Der Gesetzentwurf für den Vorrang Erneuerbarer Energien zielt gleichzeitig auf die Neufassung von sechs Landesgesetzen: das Landesplanungsgesetz, das Hessische Energiegesetz, die Landesbauordnung, das Gesetz für Natur- und Landschaftspflege, die Gemeindeordnung und die Haushaltsordnung. In der gesamten Flächennutzungs- und Bauleitplanung wird der Ausbau Erneuerbarer Energien zum vorrangigen öffentlichen Belang gemacht. Dies rechtfertigt sich daraus, dass insgesamt acht wesentliche öffentliche Belange durch Erneuerbare Energien erfüllbar werden:

  • Klimaschutz
  • Ressourcenschutz
  • Schutz der Gesundheit und der natürlichen Umwelt
  • sparsamer Einsatz von Wasser
  • industrielle Förderung der Zukunftsenergie-Techniken
  • Überwindung der Energieabhängigkeit durch Nutzung nachhaltig verfügbarer heimischer Energie
  • Förderung regionaler und kommunaler Wirtschaftsstrukturen
  • dauerhafte Sicherung der Energieversorgung.
Der Gesetzentwurf trägt maßgeblich zum Bürokratieabbau bei. Gleichzeitig stärkt er die kommunale Selbstverwaltung beim Ausbau Erneuerbarer Energien in mehrfacher Hinsicht, so dass Kommunen nicht mehr willkürlich durch landespolitische Restriktionen am Ausbau Erneuerbarer Energien gehindert werden können. Die Raumordnungspolitik wird dadurch zeitgemäß und kann künftig nicht mehr zur Verhinderungsplanung missbraucht werden.
 
 
Der Gesetzentwurf wird unter anderem
  • künftig 1,5 Prozent der hessisches Landesfläche in den Regionalplänen als Vorranggebiete für raumbedeutsame Anlagen zur Nutzung Erneuerbarer Energien vorsehen. Alle anderen Flächen werden zu Vorbehaltsflächen, die aufgrund autonomer Entscheidungen der Kommunen ebenfalls für Standorte verfügbar gemacht werden können, soweit dem andere Fachgesetze nicht entgegenstehen. Ausschlussgebiete gibt es nicht mehr.
  • Pauschale Höhenbegrenzungen von Windkraftanlagen wird es künftig nicht mehr geben. Jede Anlage obliegt einer kommunalen Einzelfallentscheidung.
  • Die Vorbildfunktion der Landesbehörden bei eigenen Baumaßnahmen und im Fahrzeugpark des Landes für die Nutzung Erneuerbarer Energien wird gesetzliche Auflage.
  • Die Landesregierung wird gesetzlich verpflichtet, ein umfassendes Landeskataster für Erneuerbare Energien zu erstellen, um das Gesamtpotenzial Erneuerbarer Energien zu erfassen und damit Kommunen und Investoren optimale Planungsdaten für Investitionen zur Verfügung zu stellen. Dies gilt für alle Erneuerbaren Energien: Solarkraft, Windkraft, Wasserkraft, Bioenergie, geothermische Energie.

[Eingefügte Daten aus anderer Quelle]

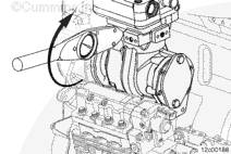 將康明斯ISX15 CM2250發(fā)動機空氣壓縮機、密封墊、安裝螺母和螺釘安裝到前齒輪室上。

  • Eine Clearingstelle zur Klärung von Standortstreitigkeiten wird eingeführt, die unter Anhörung der strittigen Positionen öffentlich entscheidet. Dies führt zur Investitionsbeschleunigung, mehr Investitionssicherheit und zur außergerichtlichen Streitbeilegung.
  • Eine Anschluss- und Benutzungspflicht durch Kommunen für die Versorgung mit umweltfreundlicher Energie wird erleichtert, im Zusammenhang mit der Nah- und Fernwärmeversorgung. Dies ermöglicht Preissenkungen in der Wärmeversorgung und die Einführung gekoppelter Tarifangebote (Strom, Wärme) durch Stadtwerke.
  • Durch die Änderung der Hessischen Bauordnung werden kommunale Satzungen wie die "Marburger Solarsatzung" landesgesetzlich abgesichert.
  • In der Landeshaushaltsordnung wird die langfristige Energiebilanz (vermiedene Brennstoffkosten durch Erneuerbare Energien und durch rationelle Energieverwendung) zur Entscheidungsgrundlage für öffentliche energetische Neuinvestitionen gemacht.
Mit diesem Gesetzentwurf wird energiepolitisches Neuland betreten.